__Provided data__.

----------

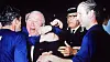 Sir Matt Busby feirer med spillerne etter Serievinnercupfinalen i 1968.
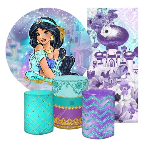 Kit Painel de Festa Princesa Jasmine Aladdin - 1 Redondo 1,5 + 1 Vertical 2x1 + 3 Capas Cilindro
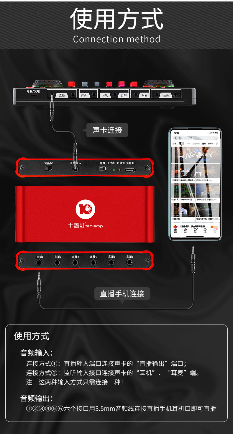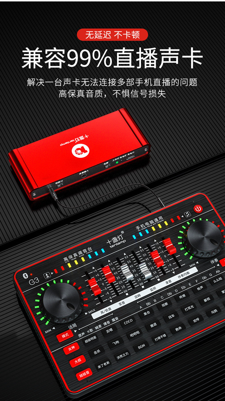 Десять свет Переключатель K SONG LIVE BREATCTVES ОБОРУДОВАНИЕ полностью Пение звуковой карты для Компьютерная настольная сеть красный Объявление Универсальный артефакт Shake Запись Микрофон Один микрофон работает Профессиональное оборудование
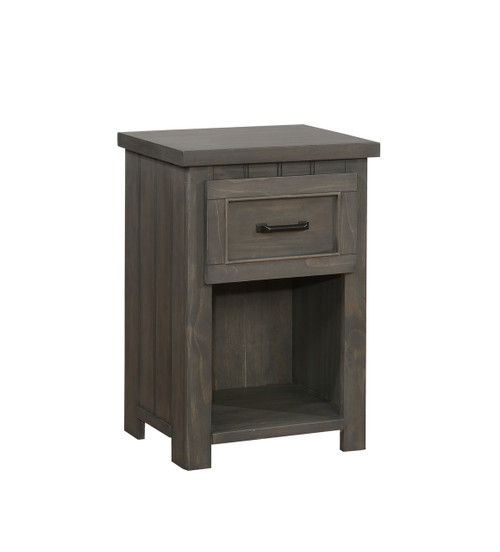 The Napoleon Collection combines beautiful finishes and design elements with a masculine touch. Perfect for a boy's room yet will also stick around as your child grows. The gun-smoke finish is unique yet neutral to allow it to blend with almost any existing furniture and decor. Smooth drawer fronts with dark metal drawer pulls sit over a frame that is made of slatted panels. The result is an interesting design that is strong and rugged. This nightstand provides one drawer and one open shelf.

----------

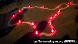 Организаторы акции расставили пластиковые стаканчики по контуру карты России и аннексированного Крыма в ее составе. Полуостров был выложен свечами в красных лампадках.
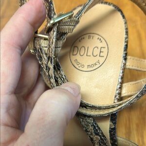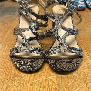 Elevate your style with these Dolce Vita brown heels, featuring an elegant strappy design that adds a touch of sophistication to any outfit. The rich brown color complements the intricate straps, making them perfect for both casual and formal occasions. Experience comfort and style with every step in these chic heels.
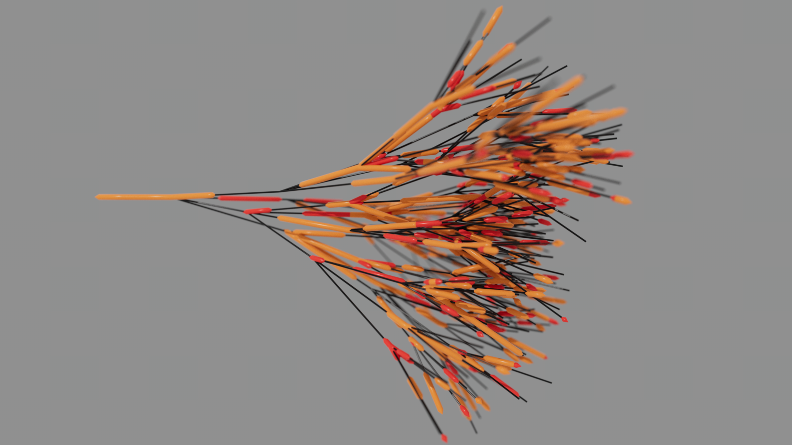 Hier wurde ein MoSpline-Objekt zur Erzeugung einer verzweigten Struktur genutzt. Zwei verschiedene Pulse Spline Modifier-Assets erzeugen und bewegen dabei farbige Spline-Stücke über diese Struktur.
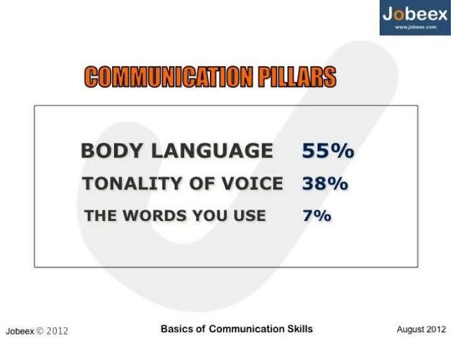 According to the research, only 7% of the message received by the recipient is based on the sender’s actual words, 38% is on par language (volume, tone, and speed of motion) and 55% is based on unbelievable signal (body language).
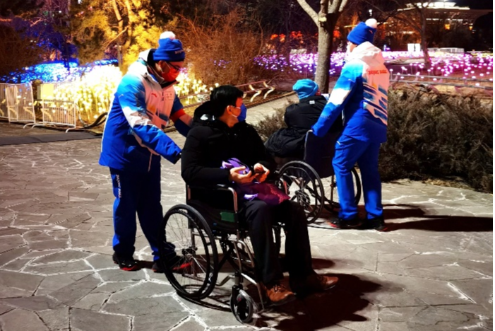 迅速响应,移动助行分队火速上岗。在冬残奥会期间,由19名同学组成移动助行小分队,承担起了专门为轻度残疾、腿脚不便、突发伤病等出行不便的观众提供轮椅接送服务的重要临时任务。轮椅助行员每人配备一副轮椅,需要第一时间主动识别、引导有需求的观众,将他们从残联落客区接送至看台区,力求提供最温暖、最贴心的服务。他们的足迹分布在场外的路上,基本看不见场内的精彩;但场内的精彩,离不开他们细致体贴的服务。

----------

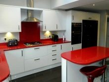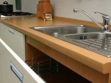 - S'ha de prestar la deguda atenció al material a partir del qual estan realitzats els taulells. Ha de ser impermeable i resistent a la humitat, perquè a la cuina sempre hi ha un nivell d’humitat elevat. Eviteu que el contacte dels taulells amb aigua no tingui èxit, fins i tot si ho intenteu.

----------

For this exercise, set down the lines in the entries above from the one with "Организаторы акции расставили" through the one with "Elevate your style" exactly as written, without any pictures.

__Exercise solution__.
 Организаторы акции расставили пластиковые стаканчики по контуру карты России и аннексированного Крыма в ее составе. Полуостров был выложен свечами в красных лампадках.
 Elevate your style with these Dolce Vita brown heels, featuring an elegant strappy design that adds a touch of sophistication to any outfit. The rich brown color complements the intricate straps, making them perfect for both casual and formal occasions. Experience comfort and style with every step in these chic heels.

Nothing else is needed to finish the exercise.